----- Extracted records -----

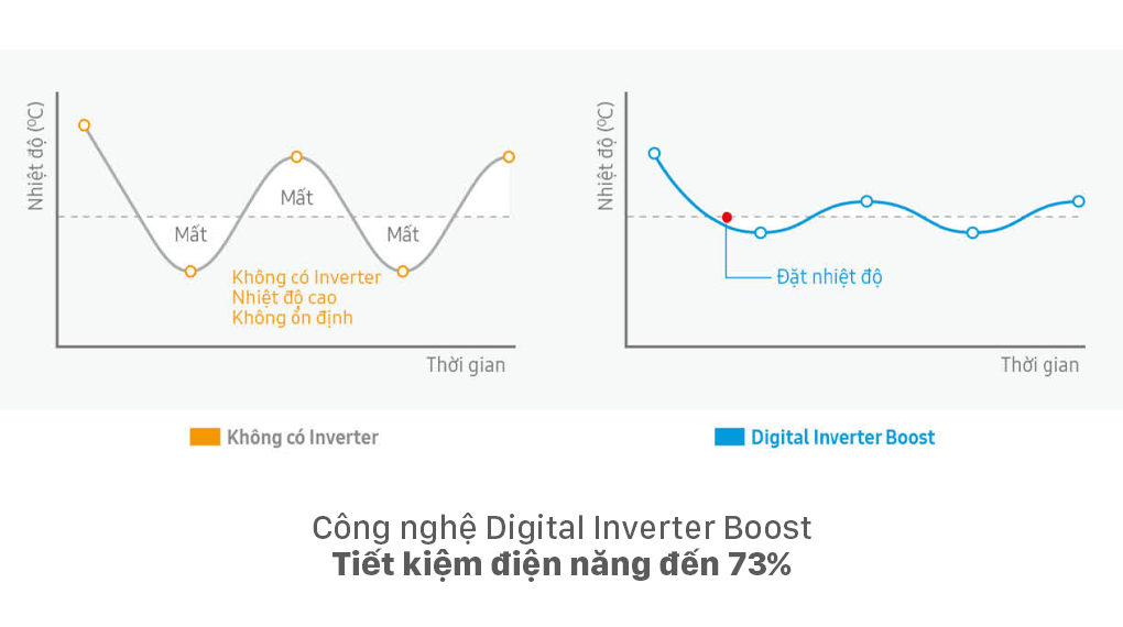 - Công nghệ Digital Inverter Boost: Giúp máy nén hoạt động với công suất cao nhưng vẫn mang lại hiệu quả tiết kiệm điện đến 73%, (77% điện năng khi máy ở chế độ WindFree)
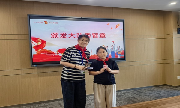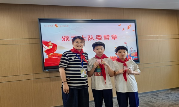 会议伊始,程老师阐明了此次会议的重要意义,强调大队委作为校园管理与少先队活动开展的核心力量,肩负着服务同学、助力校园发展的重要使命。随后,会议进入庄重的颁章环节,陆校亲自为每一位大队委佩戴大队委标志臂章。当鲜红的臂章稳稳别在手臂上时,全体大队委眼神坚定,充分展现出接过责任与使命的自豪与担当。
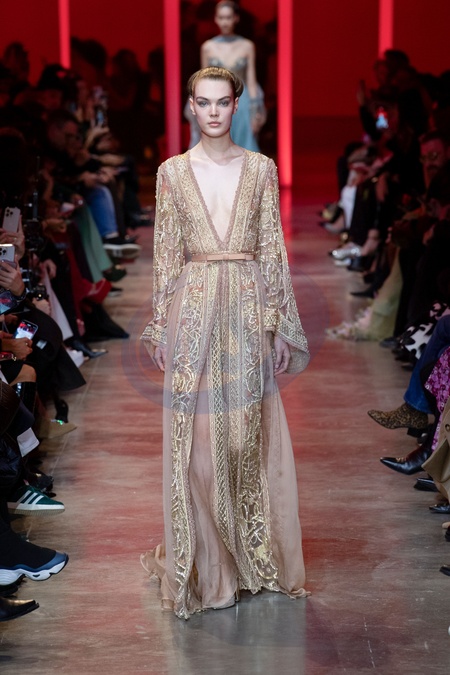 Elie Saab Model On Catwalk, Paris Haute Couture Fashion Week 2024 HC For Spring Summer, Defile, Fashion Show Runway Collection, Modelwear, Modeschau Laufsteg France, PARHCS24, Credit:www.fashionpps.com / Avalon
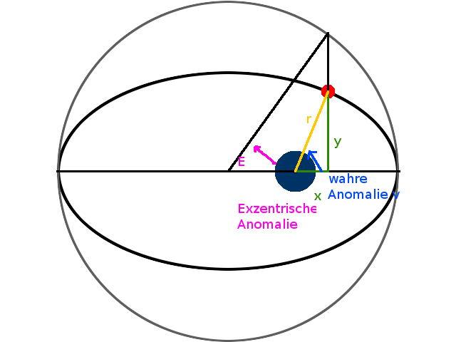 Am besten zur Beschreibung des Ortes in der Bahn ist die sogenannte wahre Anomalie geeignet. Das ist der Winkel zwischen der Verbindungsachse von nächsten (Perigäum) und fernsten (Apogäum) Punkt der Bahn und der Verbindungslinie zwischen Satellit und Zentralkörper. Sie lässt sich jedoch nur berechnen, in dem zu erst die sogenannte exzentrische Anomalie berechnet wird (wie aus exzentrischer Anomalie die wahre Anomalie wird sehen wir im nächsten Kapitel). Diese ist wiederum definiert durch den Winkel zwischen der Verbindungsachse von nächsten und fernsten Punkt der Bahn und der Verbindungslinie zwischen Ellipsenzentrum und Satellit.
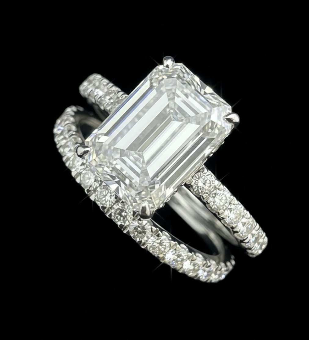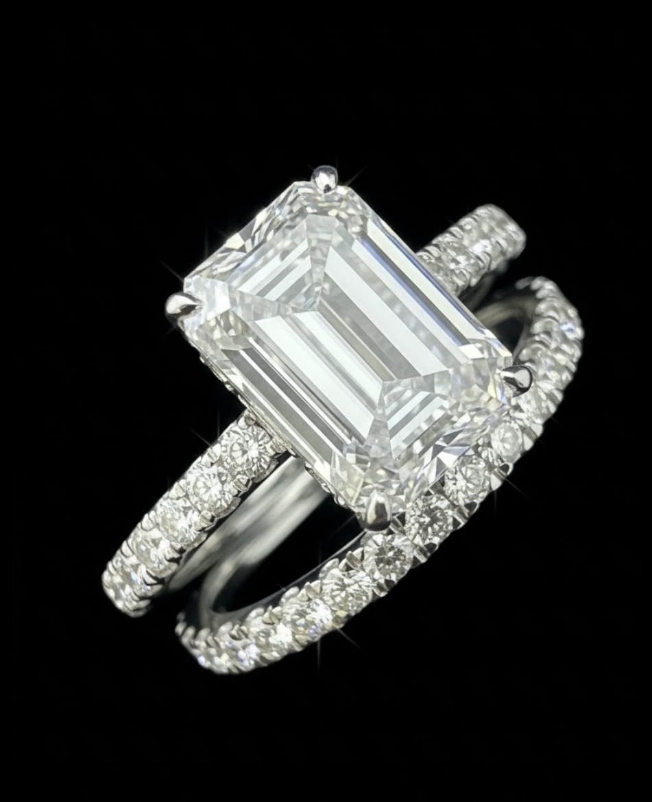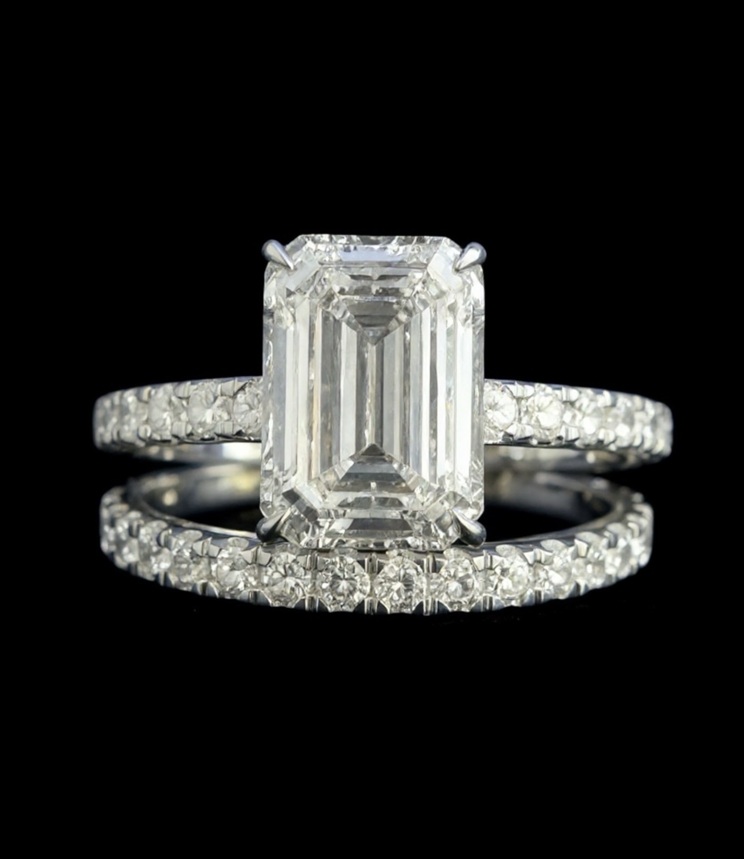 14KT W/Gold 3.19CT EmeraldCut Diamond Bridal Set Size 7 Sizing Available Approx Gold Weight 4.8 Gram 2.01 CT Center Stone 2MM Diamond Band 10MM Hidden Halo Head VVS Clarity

-----
----- Extracted records -----

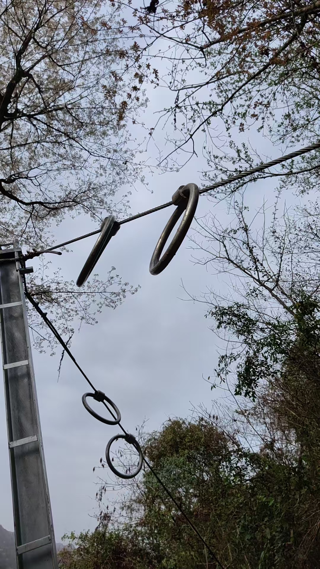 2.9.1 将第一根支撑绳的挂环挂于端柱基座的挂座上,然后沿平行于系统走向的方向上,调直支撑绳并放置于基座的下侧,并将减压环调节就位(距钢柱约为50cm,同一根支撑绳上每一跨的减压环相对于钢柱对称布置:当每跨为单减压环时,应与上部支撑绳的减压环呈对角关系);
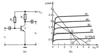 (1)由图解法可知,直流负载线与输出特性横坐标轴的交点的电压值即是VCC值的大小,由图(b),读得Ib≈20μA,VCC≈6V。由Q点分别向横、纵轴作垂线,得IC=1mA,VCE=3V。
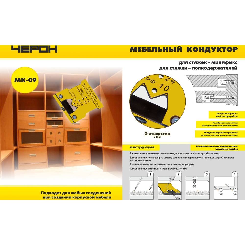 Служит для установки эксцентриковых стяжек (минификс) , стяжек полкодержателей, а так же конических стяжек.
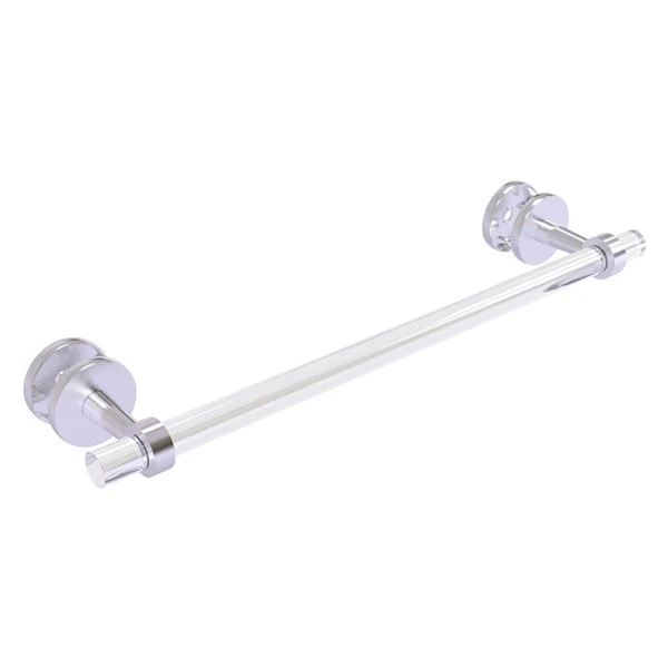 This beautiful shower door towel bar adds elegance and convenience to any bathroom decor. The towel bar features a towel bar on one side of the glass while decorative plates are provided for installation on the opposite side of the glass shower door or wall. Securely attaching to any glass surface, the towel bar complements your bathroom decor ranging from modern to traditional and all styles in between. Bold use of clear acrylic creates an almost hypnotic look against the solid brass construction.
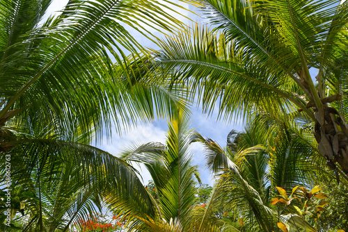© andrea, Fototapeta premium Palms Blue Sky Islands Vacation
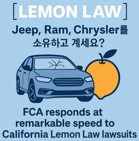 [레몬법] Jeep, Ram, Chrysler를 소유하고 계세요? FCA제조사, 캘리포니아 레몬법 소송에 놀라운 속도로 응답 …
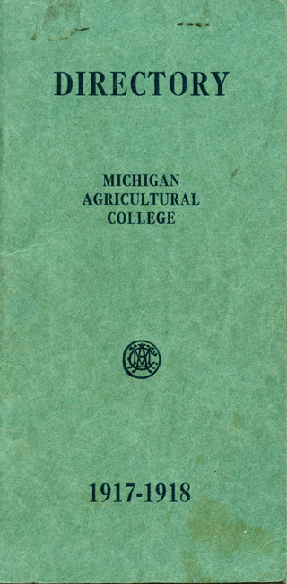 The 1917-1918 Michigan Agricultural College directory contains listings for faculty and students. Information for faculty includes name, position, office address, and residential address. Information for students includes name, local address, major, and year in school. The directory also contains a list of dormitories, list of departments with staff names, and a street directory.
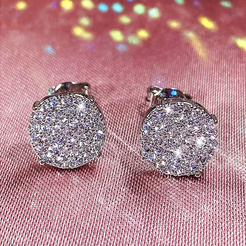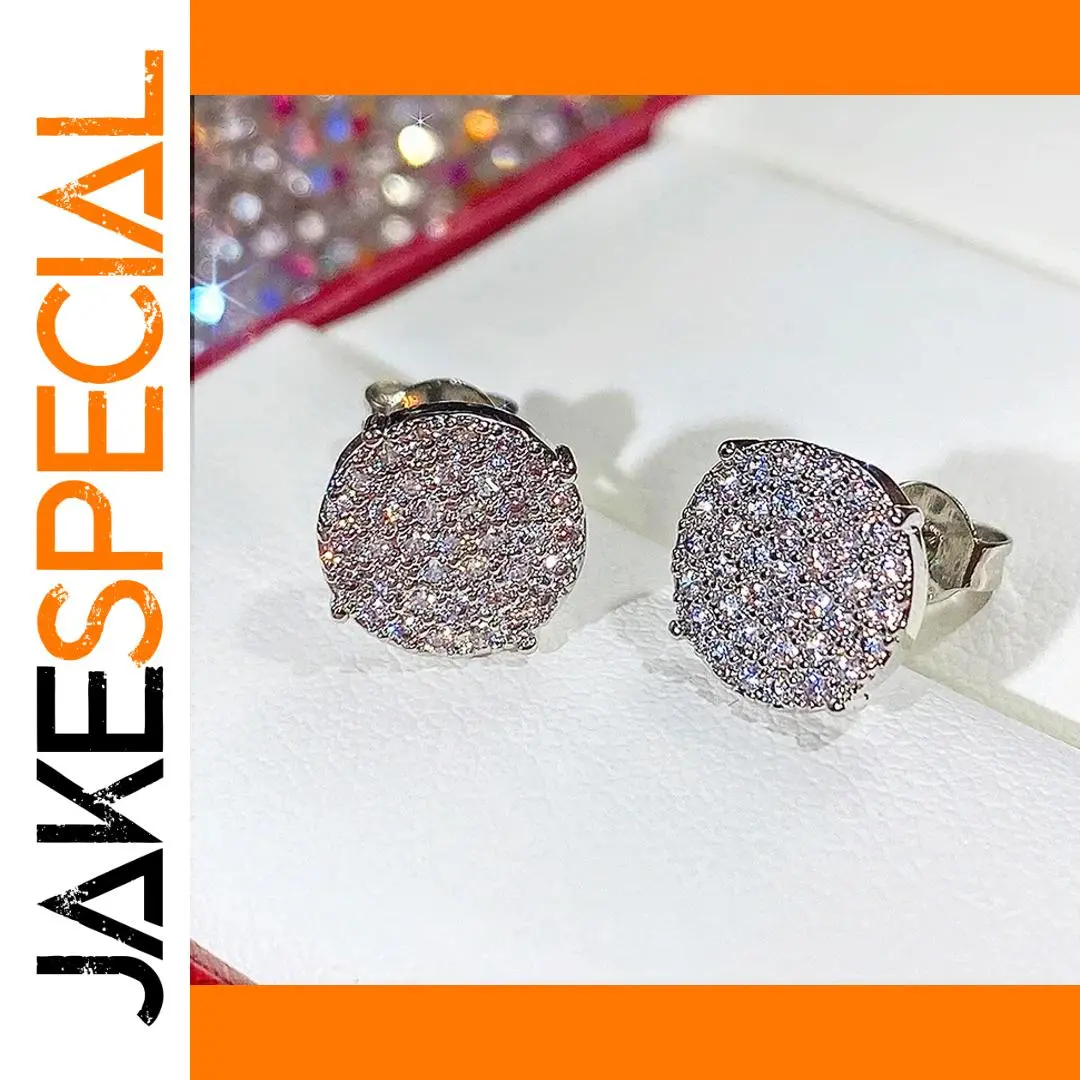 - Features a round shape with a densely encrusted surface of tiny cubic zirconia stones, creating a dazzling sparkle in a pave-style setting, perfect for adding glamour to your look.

-----
----- Extracted records -----

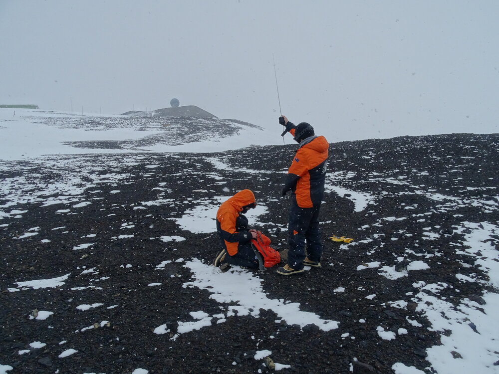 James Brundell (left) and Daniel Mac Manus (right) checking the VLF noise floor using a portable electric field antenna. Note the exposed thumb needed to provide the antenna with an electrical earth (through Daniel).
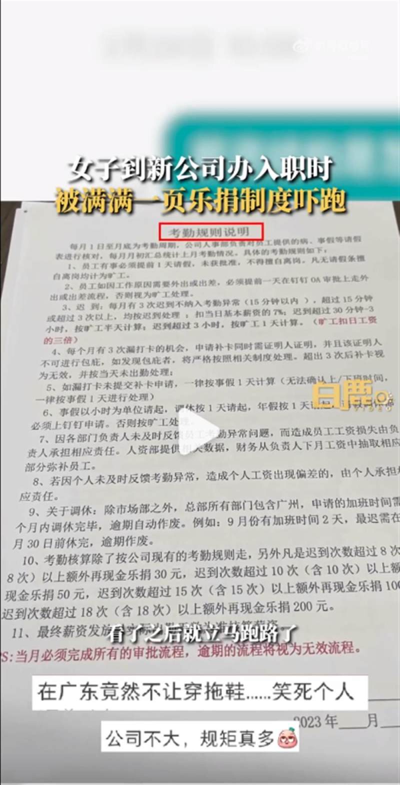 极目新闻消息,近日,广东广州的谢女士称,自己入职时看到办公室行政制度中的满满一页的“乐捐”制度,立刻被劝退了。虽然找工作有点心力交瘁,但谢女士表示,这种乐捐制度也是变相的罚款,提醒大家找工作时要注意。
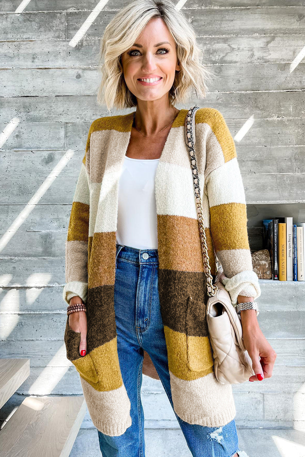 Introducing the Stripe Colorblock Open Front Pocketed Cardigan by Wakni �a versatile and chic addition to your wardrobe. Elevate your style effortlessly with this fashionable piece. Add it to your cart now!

-----

Reproduce exactly, with no pictures, the lines above from the one holding "会议伊始,程老师阐明了此次会" to the one holding "14KT W/Gold 3.19CT", inclusive.

 会议伊始,程老师阐明了此次会议的重要意义,强调大队委作为校园管理与少先队活动开展的核心力量,肩负着服务同学、助力校园发展的重要使命。随后,会议进入庄重的颁章环节,陆校亲自为每一位大队委佩戴大队委标志臂章。当鲜红的臂章稳稳别在手臂上时,全体大队委眼神坚定,充分展现出接过责任与使命的自豪与担当。
 Elie Saab Model On Catwalk, Paris Haute Couture Fashion Week 2024 HC For Spring Summer, Defile, Fashion Show Runway Collection, Modelwear, Modeschau Laufsteg France, PARHCS24, Credit:www.fashionpps.com / Avalon
 Am besten zur Beschreibung des Ortes in der Bahn ist die sogenannte wahre Anomalie geeignet. Das ist der Winkel zwischen der Verbindungsachse von nächsten (Perigäum) und fernsten (Apogäum) Punkt der Bahn und der Verbindungslinie zwischen Satellit und Zentralkörper. Sie lässt sich jedoch nur berechnen, in dem zu erst die sogenannte exzentrische Anomalie berechnet wird (wie aus exzentrischer Anomalie die wahre Anomalie wird sehen wir im nächsten Kapitel). Diese ist wiederum definiert durch den Winkel zwischen der Verbindungsachse von nächsten und fernsten Punkt der Bahn und der Verbindungslinie zwischen Ellipsenzentrum und Satellit.
 14KT W/Gold 3.19CT EmeraldCut Diamond Bridal Set Size 7 Sizing Available Approx Gold Weight 4.8 Gram 2.01 CT Center Stone 2MM Diamond Band 10MM Hidden Halo Head VVS Clarity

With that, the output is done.